The municipality of Molières is one of the 14 component C.C.P.L. (Community of Communes of the Country of Limours), one of the smallest with 702 hectares for a population of a little more than 2000 inhabitants.
The village is located at the edge of the departments of Essonne and Yvelines, in the rich region of Hurepoix.
Many uncertainties concern the origin of the name of the village. Already in the twelfth century, the name of the Molières appears, it is a derivative of the Latin "mollis" which meant "lands that drip poorly". This is the thesis of Marianne Mulon (1997) in her book "Place names of Île-de-France". But the origin of the name would come also from the exploitation of quarries of millstones and sandstone for the manufacture of millstones, for the construction or the size in pavements and curbs of sidewalks. In a very endearing book "The book of my village (1904-1920)" M.P. Boyé recounts the hard work of these carriers: work of force, repetitive, dangerous where silicosis and alcohol make havoc.
After the great war, many Piedmontese workers will come to work in these quarries. Until 1940, the stones of these quarries are transported to Paris by the railway line Boullay Troux - Saint Rémy les Chevreuse. With the discovery of bitumen, the activities of these quarries will gradually decline (exploitation disappears in the middle of the 20th century).
Three characters who have marked history, each in their own domain, lived in Molières:
Guy Jean-Baptiste Target (1733-1806): lawyer, French academician. Deputy of the third-state to the States General in 1789, he took the oath of the Jeu de Paume.
He participated in the elaboration of the first Constitution of 1791 and was one of the principal drafters of the civil Constitution of the clergy. President of the Constituent Assembly from January 18 to February 2, 1790, he organized the ceremony of the feast of the Federation of July 14, 1790. In 1792, he refused to defend Louis XVI before the Convention and stayed away from the Terror.
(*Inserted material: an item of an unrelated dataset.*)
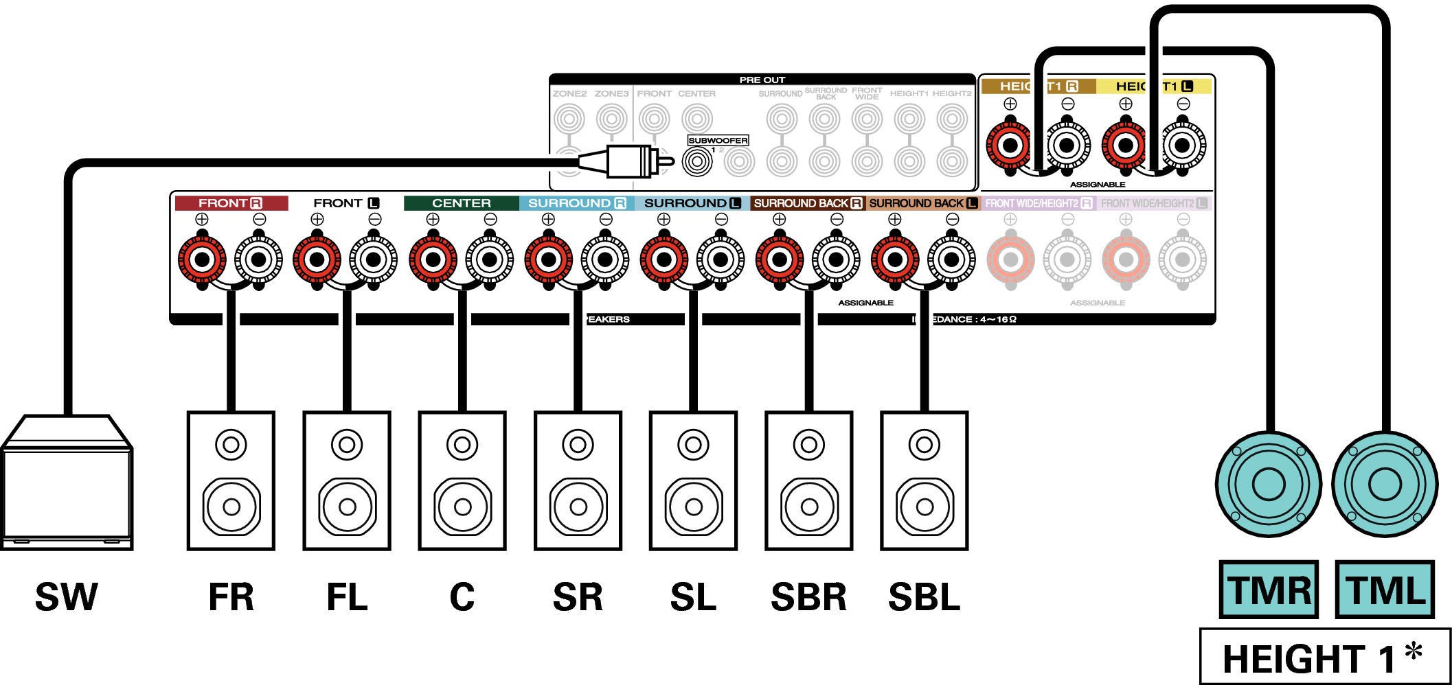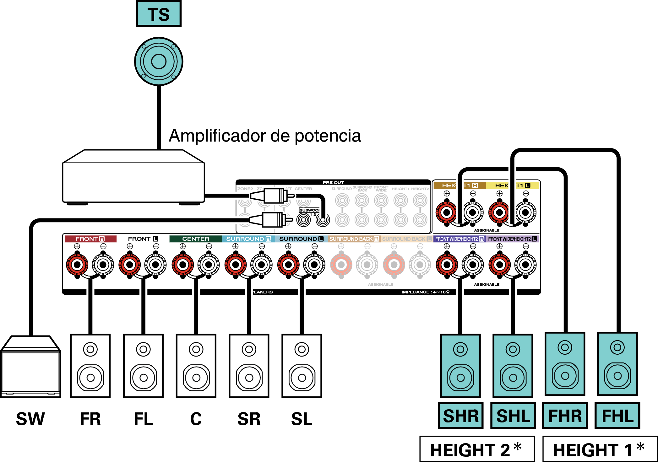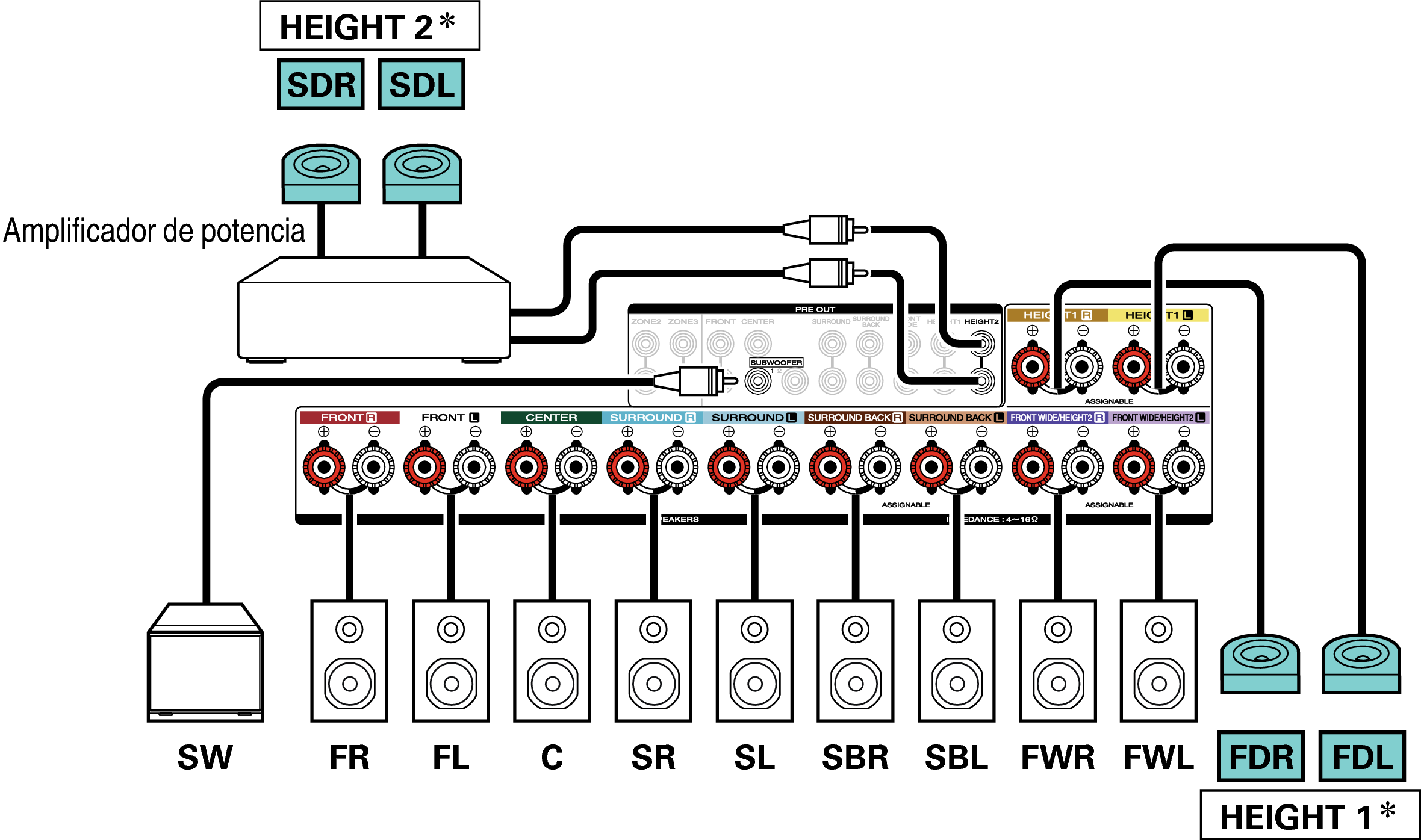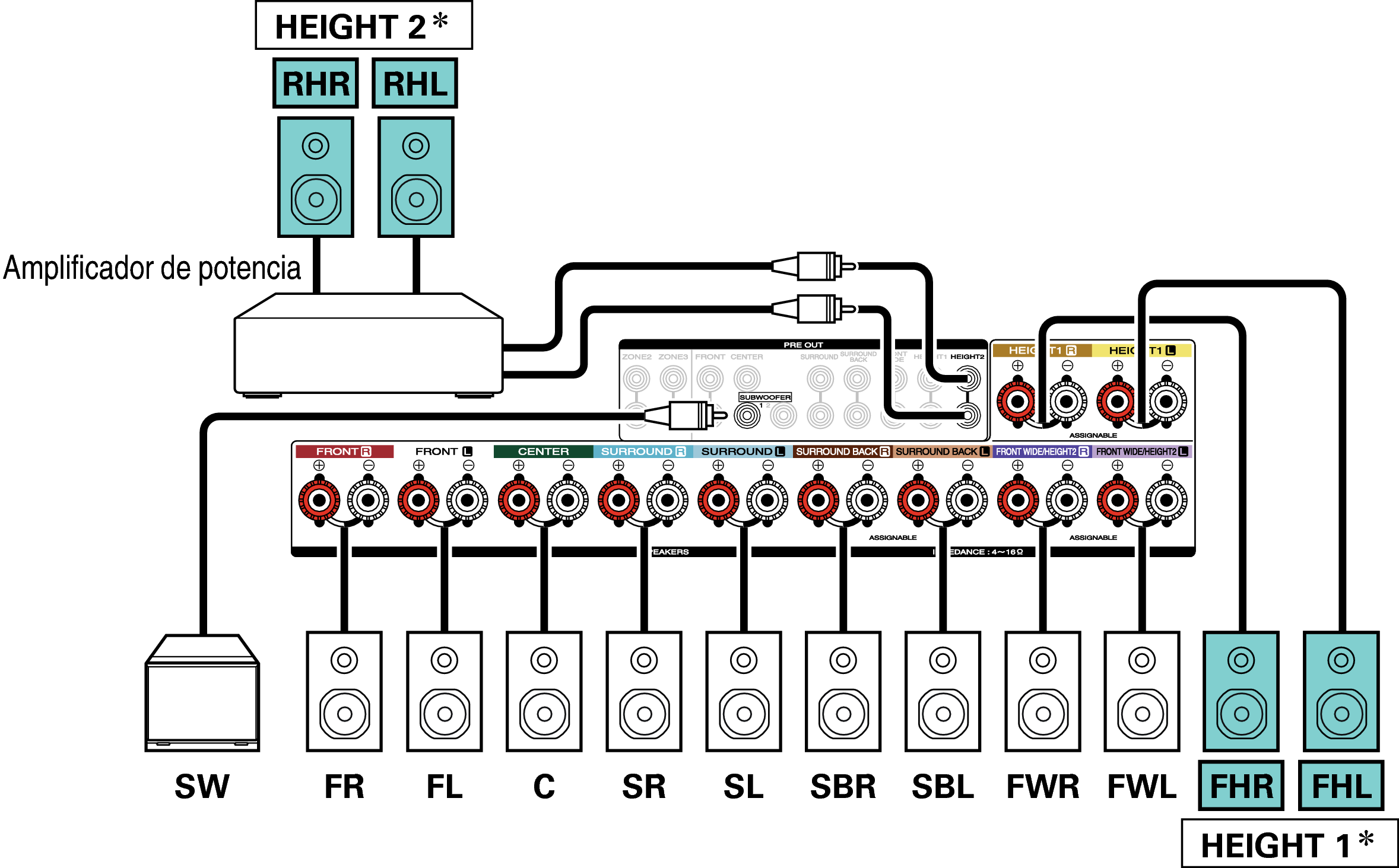 Los altavoces de altura, altavoces de techo y altavoces Dolby Atmos Enabled se pueden conectar a los terminales de altavoz HEIGHT1. Establezca el altavoz que se vaya a conectar mediante la opción “Altura” - “Distribución” del menú. enlace
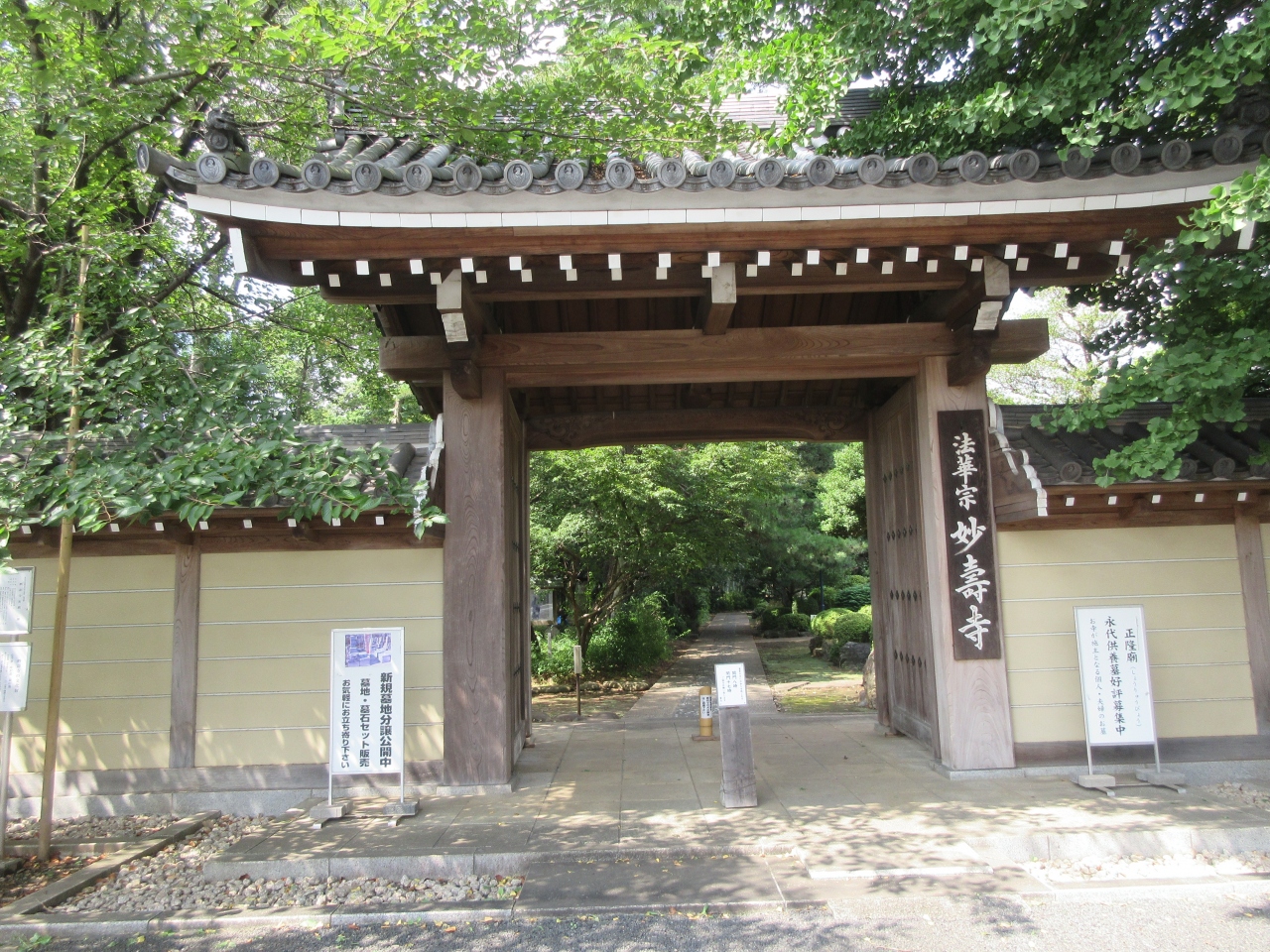 北烏山に形成されている寺町を散策した際に訪れた、京王線・千歳烏山駅から15分ほどのところに建つ日蓮宗の寺院です。江戸時代には歴代の徳川将軍から土地を寄進され、日蓮門下江戸五山に数えられるほど隆盛したそうです。関東大震災で浅草から移転してきた歴史があり、広々とした境内には国家発祥の地と言われる岐阜県揖斐郡から産出されたさざれ石や鐘楼が残っています。瓦屋根の木造山門と山門手前の空間、境内に植えられた松や枝垂れ桜など、開放感ある広々とした寺です。

Appointed judge of the Court of Cassation in 1797, a function he will exercise until his death, he collaborated in the drafting of the Civil Code and the Criminal Code. He died September 9, 1806 in Molières on the farm Fay. He is buried in Paris at the Père Lachaise cemetery.
General François Auguste Andry (1850-1911) was an active witness of French colonization. He participated in the campaigns of Cochin China, Tunisia, Tonkin and Madagascar in the late nineteenth century.
Finally Roger Tirand (1891-1949), was mayor of the Molières but also the printer, it was his job, the call of the Resistance launched by Mr. Thorez and J. Duclos July 10, 1940 in the name of the Communist Party French.
General Andry and Roger Tirand rest in the cemetery of the commune.
In the village, near the church, you can see behind a wall, a beautiful mansion: the Pavilion Sully, legend has it that the minister of Henry IV stayed there.
The wood of Paradou was the former property of the De Broca family. Only vestige that remains: the old pool transformed into a sandbox.
The Paradou Hall, built in 1986, won the Departmental Heritage Award in 1991. Most of the sporting, cultural and festive activities take place throughout the year and punctuate the life of the village.